Everything in the listing below should be written out again exactly, except the pictures.

• RECORD EXCERPTS:
________________
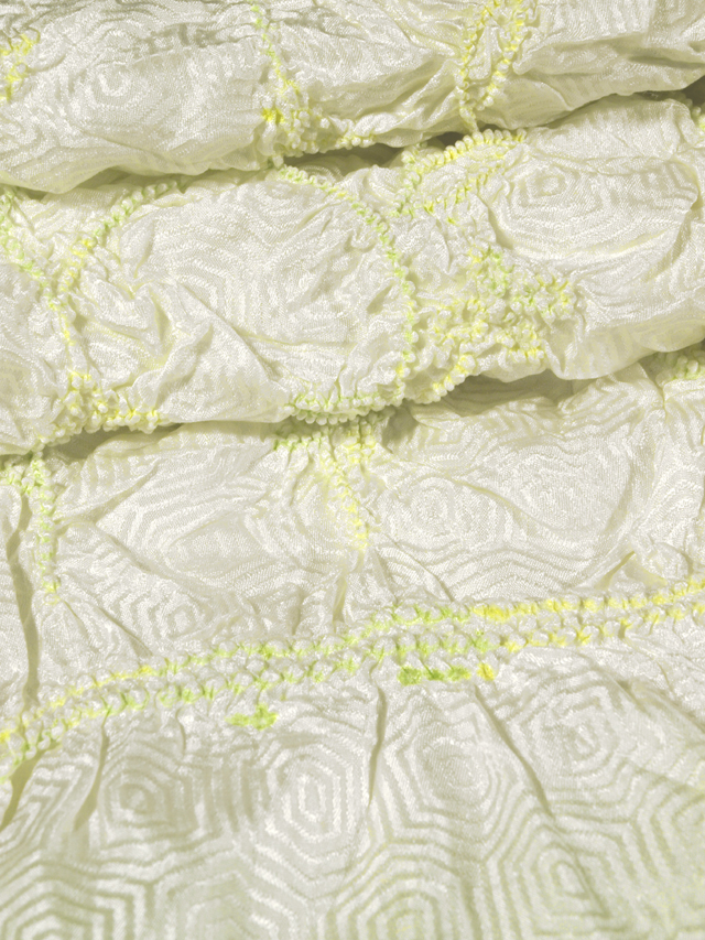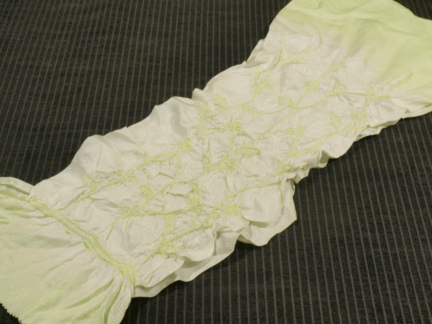 ぼかしの濃淡のある淡い若菜色の地に入れ子亀甲の地紋が織り出され、絞りで唐草花の文様が施されている、綸子の帯揚げです。中抜きです。 ところどころに淡い淡黄(たんこう)色の挿し色が配されています。さわやかかさが感じられるお色です。 ユーズド品で、片端から約 42cmの中央に直径約 3cm のうっすらとした黄変が 1 か所、もう一方の片端から約 59cm の中抜き部分に直径約 2-3mm のごくうっすらとした黄変が 1 か所あります。色柄に紛れてあまり判別はつかず、そのほかに目につく大きなしみやよごれ、褪色などのダメージはないので、気にされない方であればご着用は可能と思われますが、状態ランク=「D」のご着用対象外、リメイク素材用とさせていただきます。 |
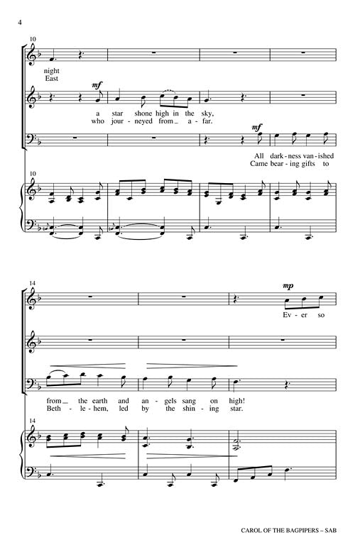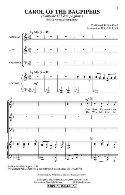 This Sicilian carol is traditionally played on bagpipes by shepherds who serenade Italian villagers the nine days before Christmas. This SAB and 2-part captures the style of the carol and tells the Christmas story with simple unison and harmony throughout. Available separately: SAB, 2-part, StudioTrax CD. Duration: ca. 1:50.
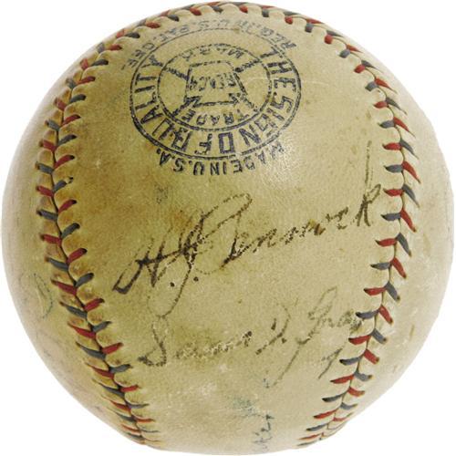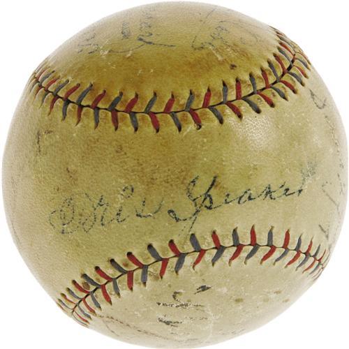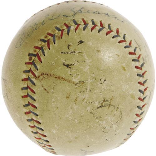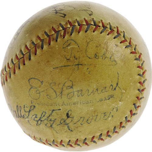 <B>Late 1920's Legends Signed Baseball with Ruth, Gehrig, Cobb, Speaker.</B></I> You couldn't ask for a better cast of characters than that which we find on this OAL (Barnard) baseball, likely signed at a meeting between the New York Yankees and the Philadelphia Athletics. Sam Gray is the only signer lacking a Cooperstown plaque, keeping fine company with Babe Ruth, Lou Gehrig, Ty Cobb, Tris Speaker, Lefty Grove and Herb Pennock. While the passing years have had an effect on these historic playing-days signatures, it must be noted that all remain legible and absolutely unmistakable. Ruth rates lowest at 3/10, with his Yankee partner Gehrig a couple points better at 5/10. Their teammate Pennock rates a nice 7/10, as do Cobb, Grove and Speaker, raising the overall average considerably. Careful curation and storage of this important baseball artifact will ensure that it remains in its present state for future generations of collectors, and that it will continue to increase in value as all pieces blessed by such an array of baseball gods do. <I>LOA from PSA/DNA. LOA from James Spence Authentication.</B></I><BR><BR><b>Shipping:</b> Balls, etc. (<a target="_blank" href="http://www.heritageauctions.com/common/shipping.php">view shipping information</a>)
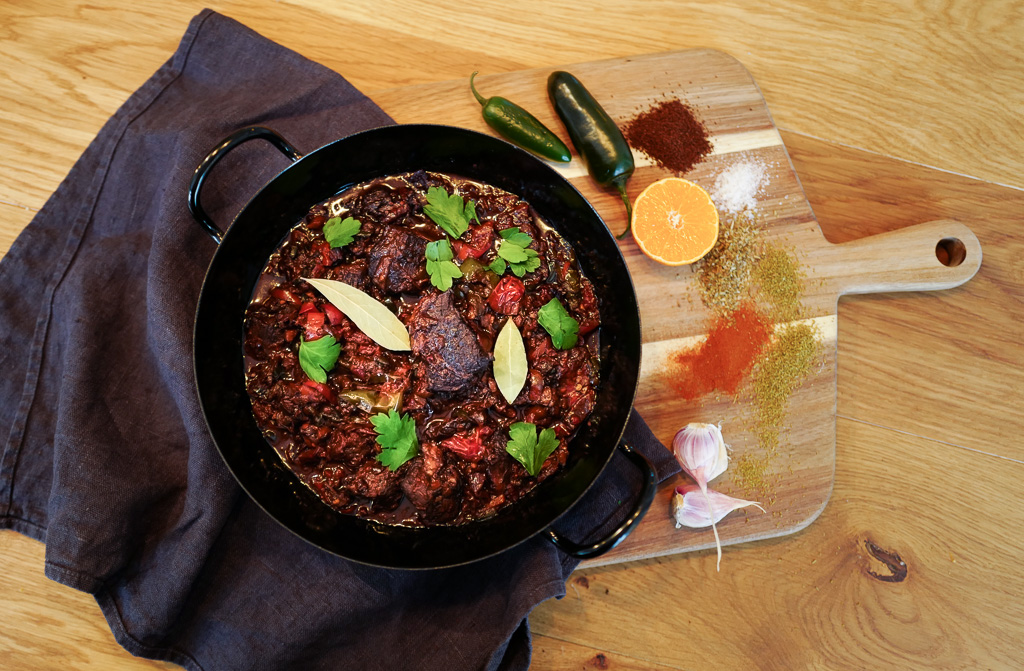 Kjøttet jeg bruker er høyrygg av storfe. Det må varmebehandles lenge for at det skal bli mørt. Det er helt fantastisk og du vil ikke angre på at du brukte litt tid på gryta. Det er ikke bare kjøttet som trenger tid. Alle ingrediensene trenger masse tid til å binde smakene og lage den helheten vi er ute etter i denne retten. Chili con carne er ikke fast food. Det er ekte slow food og comfort food.
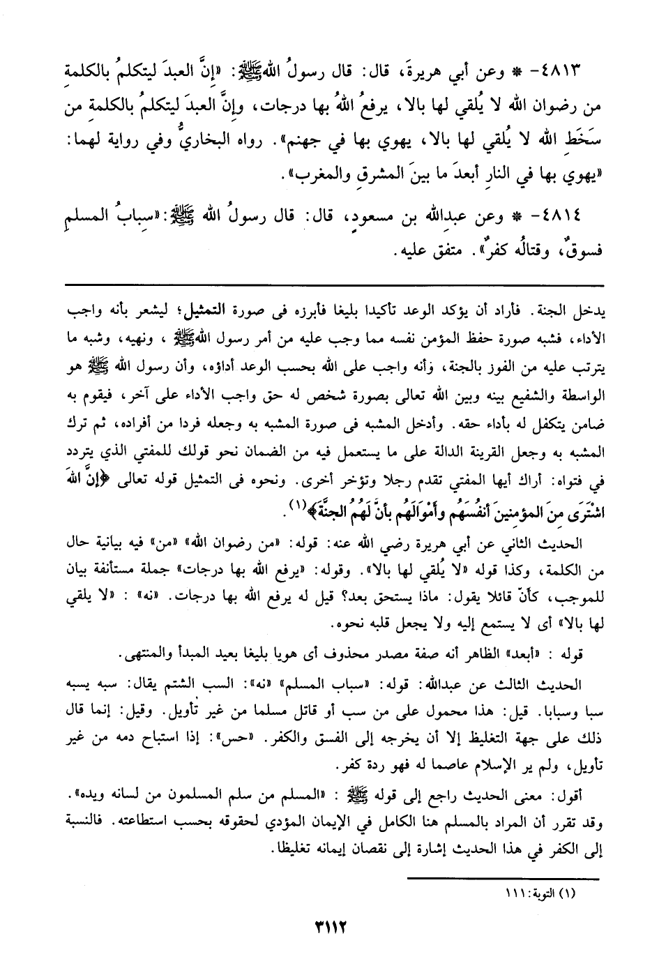 4813 - وعن أبي هريرة، قال: قال رسول الله صلى الله عليه وسلم: ((إن العبد ليتكلم بالكلمة من رضوان الله لا يلقي لها بالا، يرفع الله بها درجات، وإن العبد ليتكلم بالكلمة من سخط الله لا يلقي لها بالا، يهوى بها في جهنم)).رواه البخاري وفي رواية لهما: ((يهوي بها في النار أبعد مابين المشرق والمغرب)).
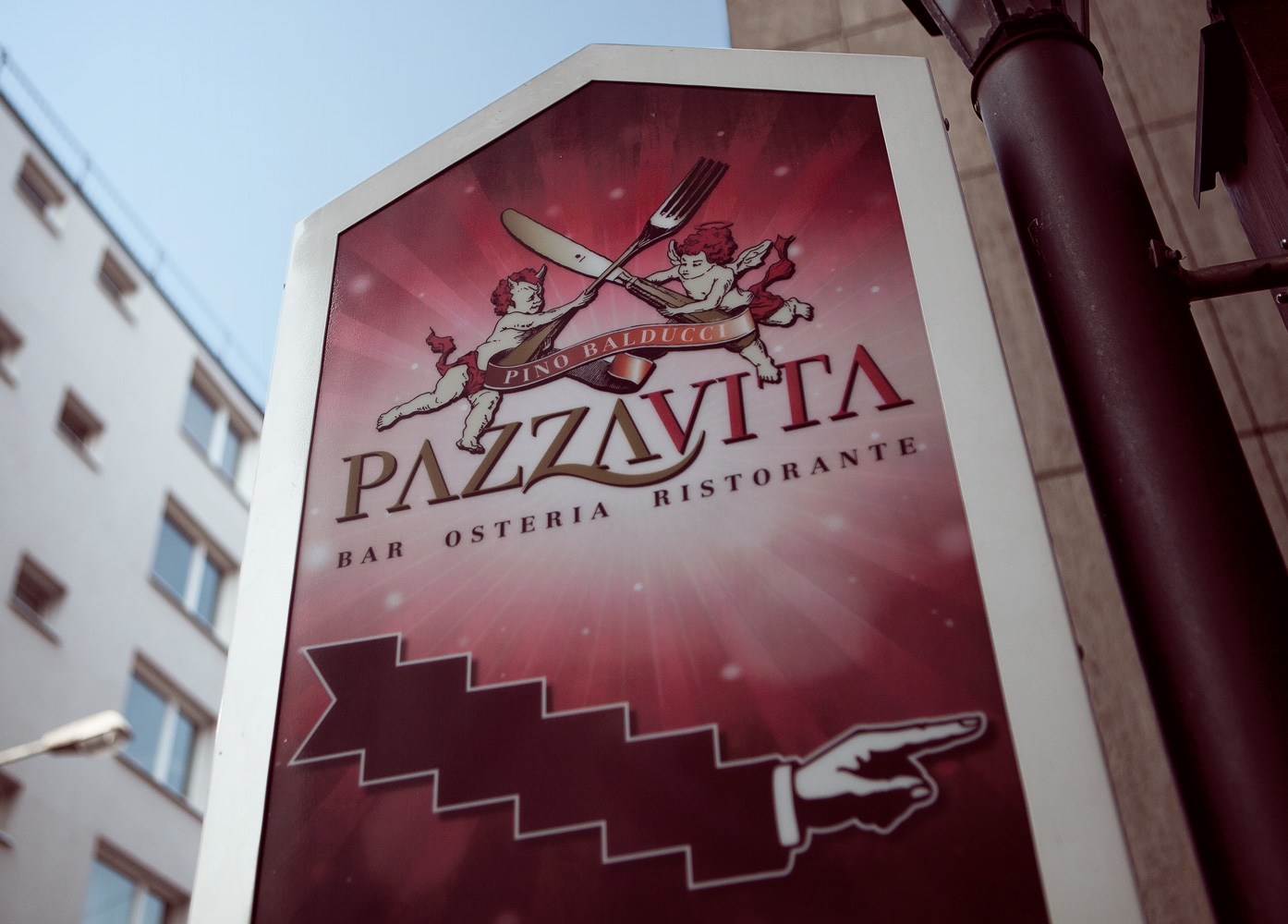 Dem verrückten Leben (Pazza Vita) ein Zeichen gesetzt. Das italiensche Restaurant, mit hochwertiger Küche ist ein Ort zwischen absurden Begegnungen, und Genuss-Kultur. Die Marke wird dem mehr als Gerecht, und steht in Anlehnung an die traditionelle italienische Malerei und der Symbolik zwischen Himmel und Hölle. So wird schon das Eintreten durch eine Art Himmelspforte zum unbewussten Markenerlebnis.
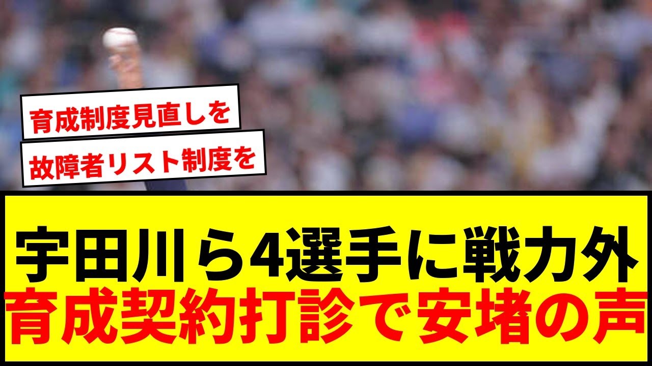 [音楽] 4選手に戦力内 育成契約しでアンドを超えは 29日浦川投手長期脱投手山投手大外登の 4 選手に来年度の支配契約を結ばないことを通告しました。しかし 4 選手ともに育成契約が打進される見込みでカラはドの声が上がっています。裏川都市は右肘の富ジョン手術大阪ボル生選手は右肩反節の手術を受けておりハビリカーの復帰を目指します。 [音楽] この 育成契約への移行は長期的なリハビりを要する選手の球団の範囲が見られています。支配下ではなく育成契約に切り替えるのは戦力とは違うだろう。そろそろ育成制度の見直しを考えた方がいいと思う。 [音楽] こういう年単位でリハビリが必要な選手のために故障者リスト制度にしてほしい。 全員リハビリからの復帰を目指しての育成契約になるって話か。それなら納得。川の戦力外通国の乱しだったが出明けで育成契約以降で安心した。 [音楽] 球団が川投手うちとハ契約締結しませんか?りなのかな? 無駄とか3年前の日本シリーズ無双して WBC代表だったのにかわいそう。 支配核は外れても育成しなら戦力なって言葉を使う必要ある。同じく手術で吉田橋も育成かと思ったが回復が順調ということでしょうね。大阪はそんな身体良くないのか想定だったな。 [音楽] た、小田島吉田若い幕間に合う目度が立ってるのかな? 過去に一軍で活躍していた選手が育成契約とは戦力外と育成の言葉の [音楽] H [音楽]
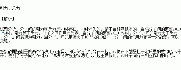 如图所示的演示实验中,是将接触面被削平的两个铅块用力压紧,可以使它们结合在一起,即使在下端悬挂一定质量的重物,铅块也不分开,此现象说明分子之间存在相互作用的_________,铁块很难被压缩,是因为分子之间存在相互作用的_________.
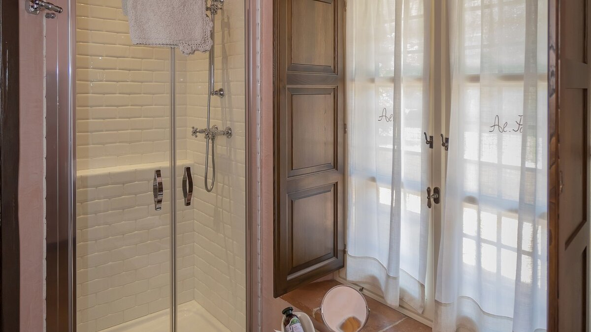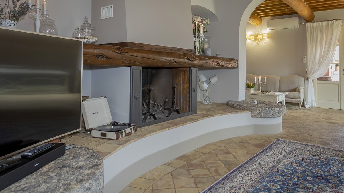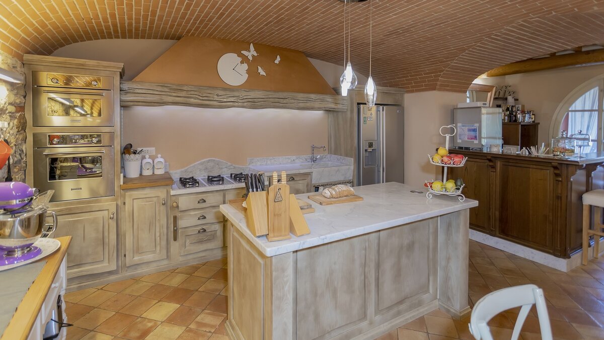 Durch die Eingangshalle können die Gäste die geräumige, OFFENER GRUNDRISS Küche, den Ess- und den Barbereich nutzen; der perfekte Ort für Geselligkeit. Mit unverputztem Backstein und klassisch im italienischen Stil gehaltenen Interieurs sorgt dieser Raum für eine warme Atmosphäre. Neben der Küche befindet sich eine kleine Kaffeebar, ein großartiger Ort für einen morgendlichen Cappuccino. Weiters gibt es ein Wohnzimmer mit Bibliothek, einen Arbeitsbereich und ein Schlafzimmer mit Doppelbett mit Holzbalken und Dusche en suite. Jedes Zimmer verfügt über geschmackvolles Interieur und direkten Zugang zum Außenbereich.
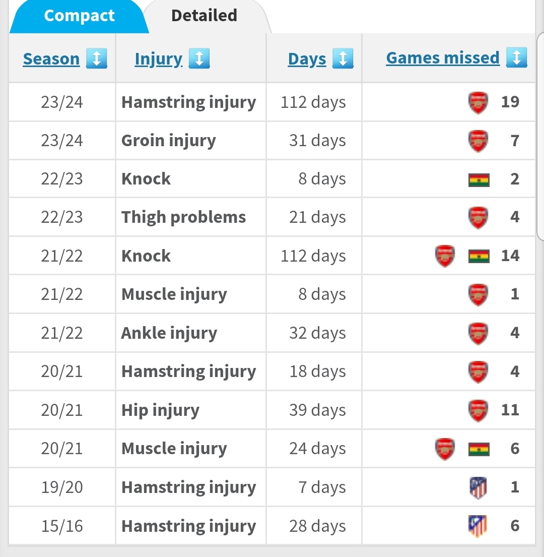 Partey injury record and he was at atleti since 2013. I thought the cursed medical team left with arsene yet they're still here
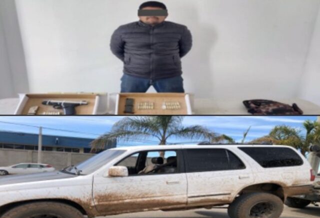 En consecuencia, en los asientos observaron cartuchos útiles. El conductor fue identificado como José Alfredo “N”, de 28 años de edad, originario de Tijuana, a quien entre sus ropas le encontraron un arma de fuego corta, mientras que en el vehículo encontraron:
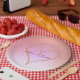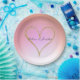 Prato De Papel Coração com Brilho Dourado Tom Gradiente Rosa
________________
• ANSWER BOX:
 ぼかしの濃淡のある淡い若菜色の地に入れ子亀甲の地紋が織り出され、絞りで唐草花の文様が施されている、綸子の帯揚げです。中抜きです。 ところどころに淡い淡黄(たんこう)色の挿し色が配されています。さわやかかさが感じられるお色です。 ユーズド品で、片端から約 42cmの中央に直径約 3cm のうっすらとした黄変が 1 か所、もう一方の片端から約 59cm の中抜き部分に直径約 2-3mm のごくうっすらとした黄変が 1 か所あります。色柄に紛れてあまり判別はつかず、そのほかに目につく大きなしみやよごれ、褪色などのダメージはないので、気にされない方であればご着用は可能と思われますが、状態ランク=「D」のご着用対象外、リメイク素材用とさせていただきます。 |
 This Sicilian carol is traditionally played on bagpipes by shepherds who serenade Italian villagers the nine days before Christmas. This SAB and 2-part captures the style of the carol and tells the Christmas story with simple unison and harmony throughout. Available separately: SAB, 2-part, StudioTrax CD. Duration: ca. 1:50.
 <B>Late 1920's Legends Signed Baseball with Ruth, Gehrig, Cobb, Speaker.</B></I> You couldn't ask for a better cast of characters than that which we find on this OAL (Barnard) baseball, likely signed at a meeting between the New York Yankees and the Philadelphia Athletics. Sam Gray is the only signer lacking a Cooperstown plaque, keeping fine company with Babe Ruth, Lou Gehrig, Ty Cobb, Tris Speaker, Lefty Grove and Herb Pennock. While the passing years have had an effect on these historic playing-days signatures, it must be noted that all remain legible and absolutely unmistakable. Ruth rates lowest at 3/10, with his Yankee partner Gehrig a couple points better at 5/10. Their teammate Pennock rates a nice 7/10, as do Cobb, Grove and Speaker, raising the overall average considerably. Careful curation and storage of this important baseball artifact will ensure that it remains in its present state for future generations of collectors, and that it will continue to increase in value as all pieces blessed by such an array of baseball gods do. <I>LOA from PSA/DNA. LOA from James Spence Authentication.</B></I><BR><BR><b>Shipping:</b> Balls, etc. (<a target="_blank" href="http://www.heritageauctions.com/common/shipping.php">view shipping information</a>)
 Kjøttet jeg bruker er høyrygg av storfe. Det må varmebehandles lenge for at det skal bli mørt. Det er helt fantastisk og du vil ikke angre på at du brukte litt tid på gryta. Det er ikke bare kjøttet som trenger tid. Alle ingrediensene trenger masse tid til å binde smakene og lage den helheten vi er ute etter i denne retten. Chili con carne er ikke fast food. Det er ekte slow food og comfort food.
 4813 - وعن أبي هريرة، قال: قال رسول الله صلى الله عليه وسلم: ((إن العبد ليتكلم بالكلمة من رضوان الله لا يلقي لها بالا، يرفع الله بها درجات، وإن العبد ليتكلم بالكلمة من سخط الله لا يلقي لها بالا، يهوى بها في جهنم)).رواه البخاري وفي رواية لهما: ((يهوي بها في النار أبعد مابين المشرق والمغرب)).
 Dem verrückten Leben (Pazza Vita) ein Zeichen gesetzt. Das italiensche Restaurant, mit hochwertiger Küche ist ein Ort zwischen absurden Begegnungen, und Genuss-Kultur. Die Marke wird dem mehr als Gerecht, und steht in Anlehnung an die traditionelle italienische Malerei und der Symbolik zwischen Himmel und Hölle. So wird schon das Eintreten durch eine Art Himmelspforte zum unbewussten Markenerlebnis.
 [音楽] 4選手に戦力内 育成契約しでアンドを超えは 29日浦川投手長期脱投手山投手大外登の 4 選手に来年度の支配契約を結ばないことを通告しました。しかし 4 選手ともに育成契約が打進される見込みでカラはドの声が上がっています。裏川都市は右肘の富ジョン手術大阪ボル生選手は右肩反節の手術を受けておりハビリカーの復帰を目指します。 [音楽] この 育成契約への移行は長期的なリハビりを要する選手の球団の範囲が見られています。支配下ではなく育成契約に切り替えるのは戦力とは違うだろう。そろそろ育成制度の見直しを考えた方がいいと思う。 [音楽] こういう年単位でリハビリが必要な選手のために故障者リスト制度にしてほしい。 全員リハビリからの復帰を目指しての育成契約になるって話か。それなら納得。川の戦力外通国の乱しだったが出明けで育成契約以降で安心した。 [音楽] 球団が川投手うちとハ契約締結しませんか?りなのかな? 無駄とか3年前の日本シリーズ無双して WBC代表だったのにかわいそう。 支配核は外れても育成しなら戦力なって言葉を使う必要ある。同じく手術で吉田橋も育成かと思ったが回復が順調ということでしょうね。大阪はそんな身体良くないのか想定だったな。 [音楽] た、小田島吉田若い幕間に合う目度が立ってるのかな? 過去に一軍で活躍していた選手が育成契約とは戦力外と育成の言葉の [音楽] H [音楽]
 如图所示的演示实验中,是将接触面被削平的两个铅块用力压紧,可以使它们结合在一起,即使在下端悬挂一定质量的重物,铅块也不分开,此现象说明分子之间存在相互作用的_________,铁块很难被压缩,是因为分子之间存在相互作用的_________.
 Durch die Eingangshalle können die Gäste die geräumige, OFFENER GRUNDRISS Küche, den Ess- und den Barbereich nutzen; der perfekte Ort für Geselligkeit. Mit unverputztem Backstein und klassisch im italienischen Stil gehaltenen Interieurs sorgt dieser Raum für eine warme Atmosphäre. Neben der Küche befindet sich eine kleine Kaffeebar, ein großartiger Ort für einen morgendlichen Cappuccino. Weiters gibt es ein Wohnzimmer mit Bibliothek, einen Arbeitsbereich und ein Schlafzimmer mit Doppelbett mit Holzbalken und Dusche en suite. Jedes Zimmer verfügt über geschmackvolles Interieur und direkten Zugang zum Außenbereich.
 Partey injury record and he was at atleti since 2013. I thought the cursed medical team left with arsene yet they're still here
 En consecuencia, en los asientos observaron cartuchos útiles. El conductor fue identificado como José Alfredo “N”, de 28 años de edad, originario de Tijuana, a quien entre sus ropas le encontraron un arma de fuego corta, mientras que en el vehículo encontraron:
 Prato De Papel Coração com Brilho Dourado Tom Gradiente Rosa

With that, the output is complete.